An animal’s endocrine system controls body processes through the production, secretion, and regulation of hormones. Hormones serve as chemical “messengers” that function in cellular and organ activity to maintain the body’s homeostasis. Maintaining homeostasis within the body requires the coordination of many different systems and organs. Communication between neighboring cells and between cells and tissues in distant parts of the body occurs through the release of hormones into body fluids (usually blood), which carry them to their target cells. Target cells, those having a receptor for a signal, respond to a hormone when they express a specific receptor for that hormone. Cellular recipients of a particular hormonal signal may be one of several cell types that reside within a number of different tissues, as is the case for insulin, which triggers a diverse range of systemic physiological effects. Different tissue types may also respond differently to the same hormonal signal.

By releasing hormones, the endocrine system plays a role in growth, metabolism, and sexual development. Hormones also play a role in induction or suppression of cell death, activation or inhibition of the immune system, mood swings, and hunger cravings. In humans, common endocrine system diseases include thyroid disease and diabetes mellitus.

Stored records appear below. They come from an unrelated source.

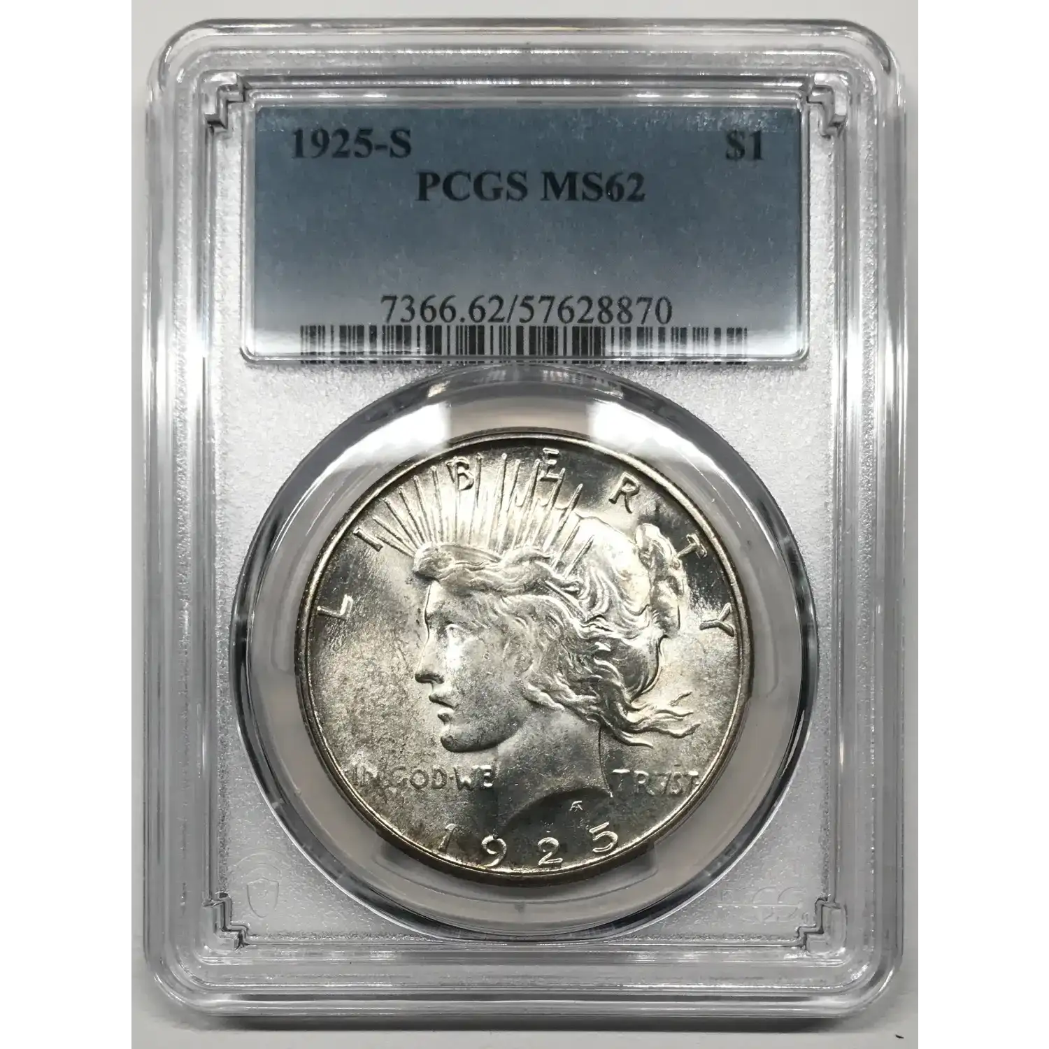 1925-S Peace Silver Dollar PCGS MS-62 TOP 50 VAM-2 DDR Doubled Reverse Leaves Olive Branches
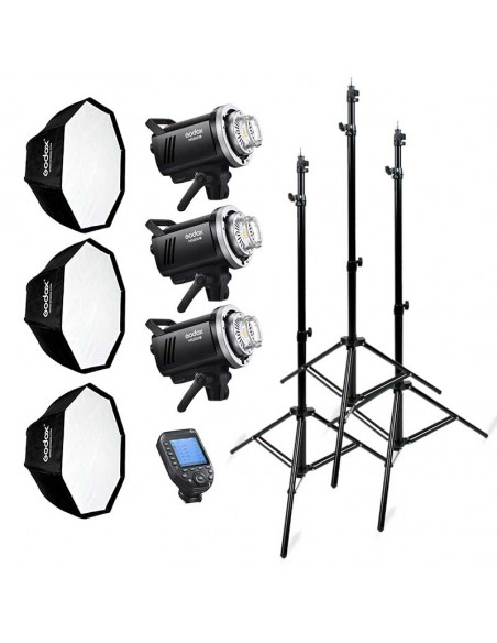 Sæt med 3 x Godox MS200V, 3 x Victory lampestativ, 3 x Godox 80ø softboks og 1 x Godox Xpro II flashtrigger.
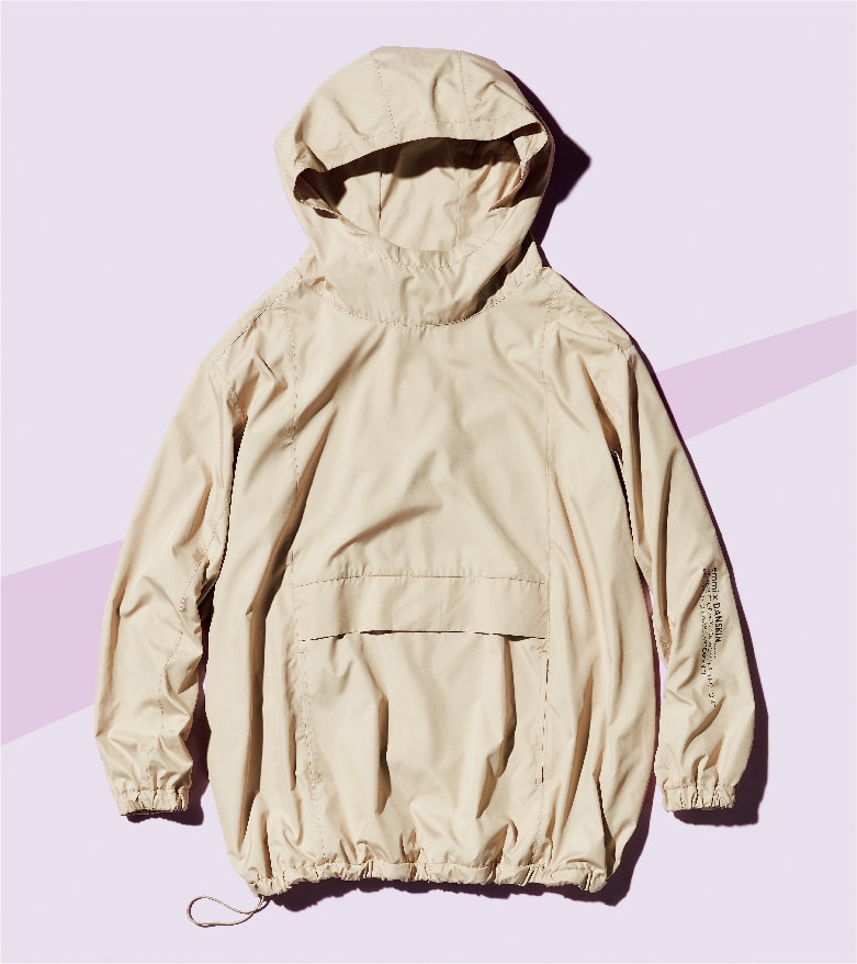スポーティーなデザインでも上品見えするベージュのプルオーバー型ブルゾンを別注オーダー。左袖にWネームプリントをON。

Examples of endocrine glands include the adrenal glands, which produce hormones, such as epinephrine and norepinephrine that regulate responses to stress, and the thyroid gland, which produces thyroid hormones that regulate metabolic rates. In organisms that undergo metamorphosis, the process is controlled by the endocrine system. The transformation from tadpole to frog, for example, is complex and nuanced to adapt to specific environments and ecological circumstances.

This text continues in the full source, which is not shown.